Well, Easter is a Christian holiday and it celebrates the resurrection of Jesus Christ, his rising from the dead, basically coming back to life. It’s celebrated on the first Sunday following the first full Moon that occurs on or just after the spring equinox, which is the start of spring. This year, 2021, the spring equinox happened on Saturday, March 20 and the first full Moon occurred Sunday, March 28, so this year’s Easter is on April 4.
How do Americans celebrate Easter?
The way Americans celebrate Easter is very similar to most of Europe. Many churches hold special services on Easter Sunday. We have the Easter Bunny who gives candy and colored eggs to children and there’s the Easter egg hunt, which is the most popular event for children, it certainly was for me.
When I was a child, I received a lot of candy and eggs from the “Easter Bunny,” which of course was just my parents secretly hiding the eggs throughout my house or the yard. It was always a fun competition between me and my siblings to find the most eggs, and the candy was inside plastic eggs.
Please tell me more about the Easter Bunny?
Well, the exact origins of this mythical rabbit are unclear, but rabbits are known to be prolific procreators, they make a lot of babies, so this is probably why they’re an ancient symbol of fertility and new life. The idea of the Easter Bunny giving candies and eggs is said to have originated in Germany during the Middle Ages.
According to some sources, the Easter bunny first arrived in America in the 1700s with German immigrants. Interestingly, these children often left carrots out for the bunny in case he got hungry from all his hopping around, similar to (leaving) cookies/milk for Santa Claus on Christmas Eve.
What is the history of eggs with Easter?
Well, Eggs were often associated with pagan festivals and celebrations of spring.

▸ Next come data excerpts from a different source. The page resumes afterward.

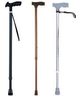
Walking Stick (Adjustable)

EF-5048 Blue EF-5050 Brown EF-5134 Silver
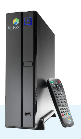
VidyoRoom HD-100 delivers outstanding performance for a fraction of the cost of traditional room systems.
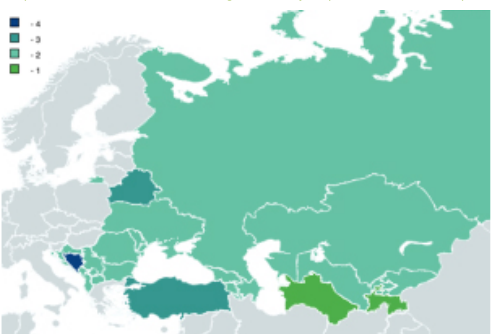
Map 5 I. Difference between general majority and earlier emancipation

The map below shows the number of years by which emancipation can be achieved prior to general majority at the age of 18, either through marriage or employment.
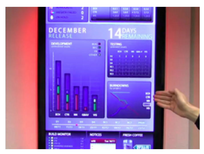
Fig. 3: Walle-D: An ambient display for Agile developers [14].

of awareness and it prompts developers to act on the conflicts that arise. Awareness 2.0 provides a high level overview using visualizations to detect bottlenecks, deadlines and tasks, which is similar to the information provided by Agile walls. On the other hand, FASTDash is more local in the sense that it allows developers to understand the context on which they are working. FASTDash makes the team more efficient because it encourages communication between team members who are working on similar areas in the project.
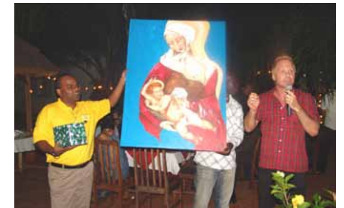
Auctioning of one of the paintings to raise funds for the hospital
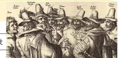
1605 Gunpowder plot

Annually on November 5th people celebrate Fireworks or Bonfire night.
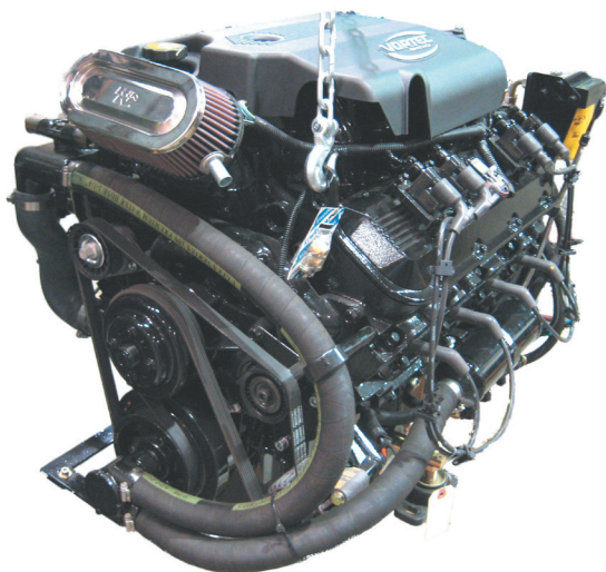
8.1L Bobtail Pictured (part #041004)

Valve Covers Spark Plugs Plug Wires High Gloss Paint (non-corrosive)
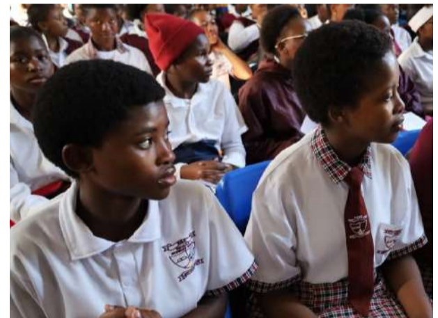
Learners who attended the Career Expo
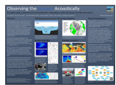
Community White Paper
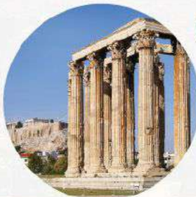
Temple of Olympian Zeus 奥林匹亚宙斯神庙

Little Venice is a charming part of Mykonos. The water lapping up on the building is reminiscent of Venice.
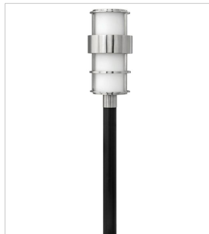
1901SS-LV LARGE POST TOP OR PIER MOUN... 10" W, 21.8" H Socketed 1-3.50w Med. LED *Included
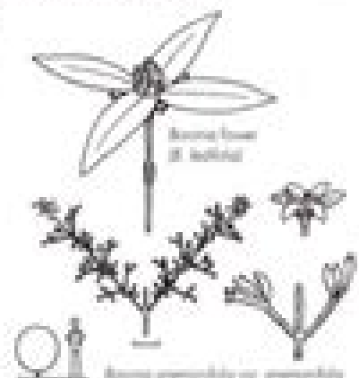
Roronia flower
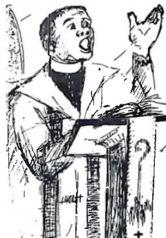
Awake my soul, at 05.40

14.08 Break From Books (Cont'd.) 14.30 Africa This Week 14.45 In The Court-Yard (From: Fri. 14.45) 15.00 News On The Hour 15.03 Public Opinion (Rpt. Sun. 11.03) 15.30 Tue To Life (From: Thurs. 08.15) 15.45 Of Music And Men (Rpt. Tues. 20.45) 16.00+ Network News 16.15 Interlude 16.30 Sports Pavilion 18.30 Highlife (From: Wed. 16.30) 19.00 The News 19.10 News Analysis (From: Fri. 22.15) 19.15 Africa This Week (From: 14.30) 19.30 With One Accord (From: Fri. 21.45) 19.45 Gandu Street (From: Wed. 09.45) 20.00 News About Africa 20.05 Nigerian Rhythms 20.30 Meet The Sirens 21.00 News On The Hour 21.30 Moment For Thought (From: 06.55) 21.06 Programme Information/Interlude 21.10 Cultural Feedback (From: Fri. 20.45) 21.45 Youth And Islam 21.40 Piano Music 21.50 Benediction 22.00+ Network News 22.15 News Analysis (Rpt. Sun. 07.15) 22.20 Join The Bandwagon (From: Sun. 11.30) 22.50 Spiritual Reading 23.00 News On The Hour 23.03 Dance Time (Rpt. From: Thurs. 18.03) 00.00 News At Mid-Night 00.05 Closing Announcements 00.05.30 National Pledge And Anthem
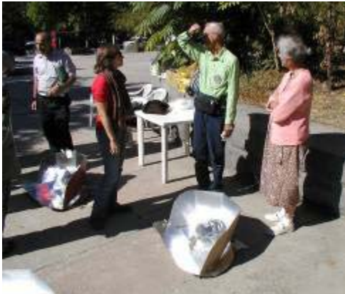
Notice long shadows
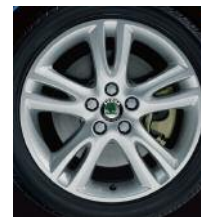
16" 'Atria' alloys
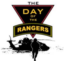
THE DAY OF THE RANGERS 12-Hour Real-Life Scenario May 9 th , 2009

A pagan is a person with religious beliefs other than those of the main world religions, in particular Christianity in the case of Europe during that time. For pagans, eggs were an ancient symbol of rebirth & new life, like the new life of spring after winter. For Christians, Easter eggs are said to represent Jesus’ resurrection.

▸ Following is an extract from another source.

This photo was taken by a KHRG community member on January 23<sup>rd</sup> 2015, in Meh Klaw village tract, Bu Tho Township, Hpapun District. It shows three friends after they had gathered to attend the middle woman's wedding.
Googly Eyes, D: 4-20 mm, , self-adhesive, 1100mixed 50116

There are 2 popular games involving eggs:
Easter Egg Rolling: Have a starting line and a finishing line. Contestants must roll their eggs from one line to the next using a spoon or similar object to push the eggs. If a player touches their egg with their hand or breaks their egg, they are out of the race. The first person to get their egg across the finish line wins. To make it more challenging, sometimes they have to roll the eggs down a hill. There is an annual White House Easter Egg Roll contest in Washington D.C. where the President lives and works. The first one was actually was held in 1878.
Spoon Race: Have a starting line and a finishing line. Every person gets an egg and a large spoon. You put the egg on your spoon and you race, the first person to cross the finish line wins. But, if your egg falls off your spoon, you have to go back and start again.

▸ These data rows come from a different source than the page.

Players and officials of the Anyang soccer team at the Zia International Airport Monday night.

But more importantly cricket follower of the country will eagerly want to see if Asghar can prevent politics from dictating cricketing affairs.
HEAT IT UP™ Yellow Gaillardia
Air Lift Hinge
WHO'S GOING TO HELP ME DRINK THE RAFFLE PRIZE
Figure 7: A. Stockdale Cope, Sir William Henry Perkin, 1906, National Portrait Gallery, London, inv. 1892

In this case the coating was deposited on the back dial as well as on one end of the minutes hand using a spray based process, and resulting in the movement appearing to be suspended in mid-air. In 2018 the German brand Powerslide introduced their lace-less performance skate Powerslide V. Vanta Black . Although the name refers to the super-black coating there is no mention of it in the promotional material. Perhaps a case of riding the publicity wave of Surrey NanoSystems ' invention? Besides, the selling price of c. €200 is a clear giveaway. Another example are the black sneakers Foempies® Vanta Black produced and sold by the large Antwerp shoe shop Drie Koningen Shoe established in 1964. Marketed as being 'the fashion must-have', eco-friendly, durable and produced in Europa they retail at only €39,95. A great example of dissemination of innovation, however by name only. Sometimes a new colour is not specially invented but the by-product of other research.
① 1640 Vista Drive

You said earlier that the Easter Bunny gives a lot of candies, it seems to me that Americans eat a lot of candy and chocolate during Easter, don’t they?
Yes. Actually, Easter is the second best-selling candy holiday in America after Halloween.
Most popular candies: number 1 is Reese's Peanut Butter Chocolate Eggs
Jelly beans: According to the National Confectioners Association, there are (over) 16 billion jelly beans are made in the US each year just for Easter.
Chocolate eggs: date back to early 19th century (in Europe).
Peeps: marshmallow-flavored, usually in the shape of chicks, (baby chickens) but for Easter, they’re bunnies.
Do Americans have a traditional dish on Easter?
The traditional food is Easter Ham, which is cooked in the oven, most often with a honey-mustard marinade. Potatoes and vegetables are very popular side dishes. Lamb is a very popular dish at Easter too. If Jesus did eat meat at the Last Supper, it would have been lamb. Jewish Passover traditions call for lamb, and so do most European traditions. But, in northern Europe, pigs were always important. The meat was salted and smoked to be ready to eat in the spring before fresh meats were available. This is especially true in North America where lamb was never an important meat.
How would you summarize Easter?
I’d say that Easter is for Christians and non-religious people. For some people it’s more of a serious/religious day, but for many it’s just about having fun with candy, games and the Easter Bunny.
Thank you very much for talking to us today about Easter. Hope to have you here with us again on VOV24/7 Culture Rendezvous with more interesting stories.